Do not judge and you will not be judged.
So you’re judging that you are not judging? Seems impossible. Do not judge other people. Judge doctrines and beliefs. We are commanded by Jesus Christ to judge everything except other people, but again, there is an exception to this in Paul, St. Paul, test the spirits, whether they be of God. 1 John, John commands us, anyone who does not confess that Jesus Christ is God manifest in the flesh (a human man) is an antichrist, and a deceiver: have nothing to do with them, these people.
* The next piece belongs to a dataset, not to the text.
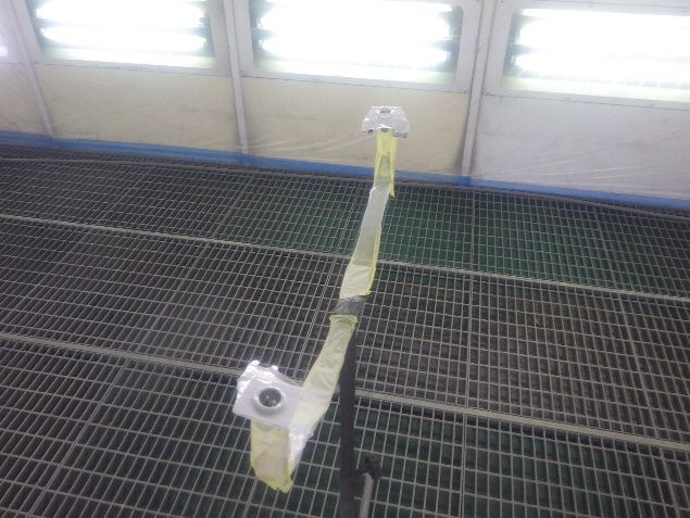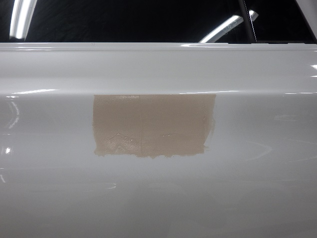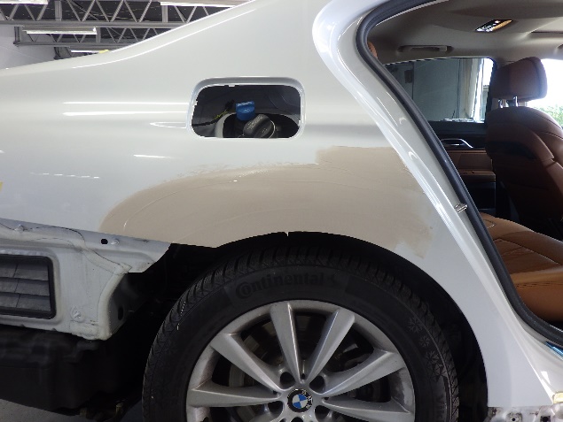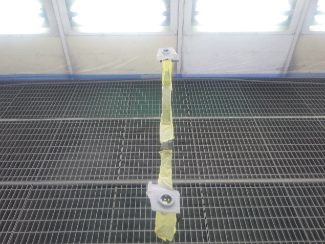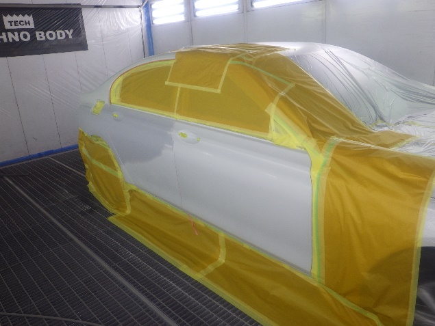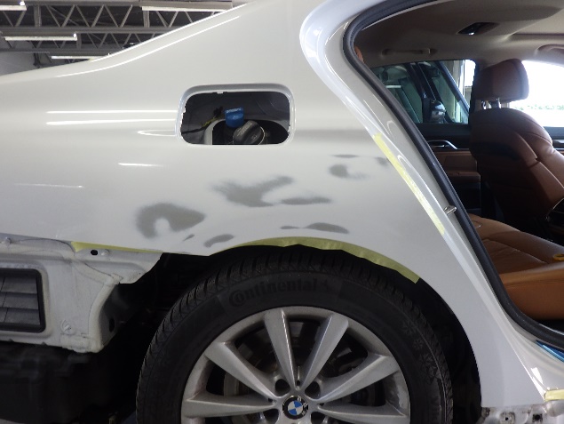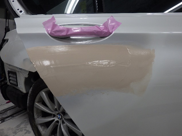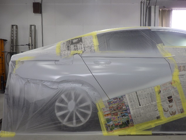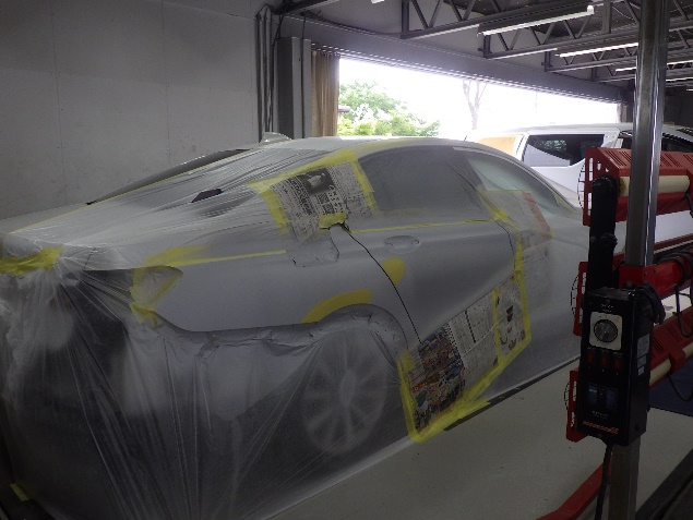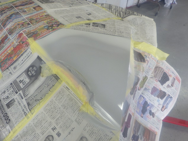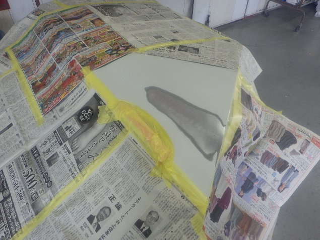 鈑金修正作業の後、足付け、紙張り、脱脂、エアブローを行い、プライマー、

Thank you! I need to read more of Augustine myself and am trying to reconcile his “predestinarian” thought with later church councils and the apparent idea of semi-Pelagianism. I have been influenced by that in the past (I attend a Reformed university) and most of my professors would hold to a Reformed viewpoint of Augustine. I almost struggle to see him differently. In fact, I personally took him on as patron saint in part to honor my Reformed past! So how should I reconcile these things?
Thank you for helping convince me to read Augustine for myself! Pray also for me, a sinner
Take a look at this book from Augustine, free online. If you read the excerpt, you will realize he is teaching the same thing as other saints:
Now no man is assisted unless he also himself does something…We run, therefore, whenever we make advance; and our wholeness runs with us in our advance (just as sore is said to run when the wound is in process of a sound and careful treatment), in order that we may be in every respect perfect, without any infirmity of sin whatever — a result which God not only wishes, but even causes and helps us to accomplish. And this God’s grace does, in co-operation with ourselves, through Jesus Christ our Lord, as well by commandments, sacraments, and examples, as by His Holy Spirit also. (Augustine, On Man’s Perfection in Righteousness, Chap 20)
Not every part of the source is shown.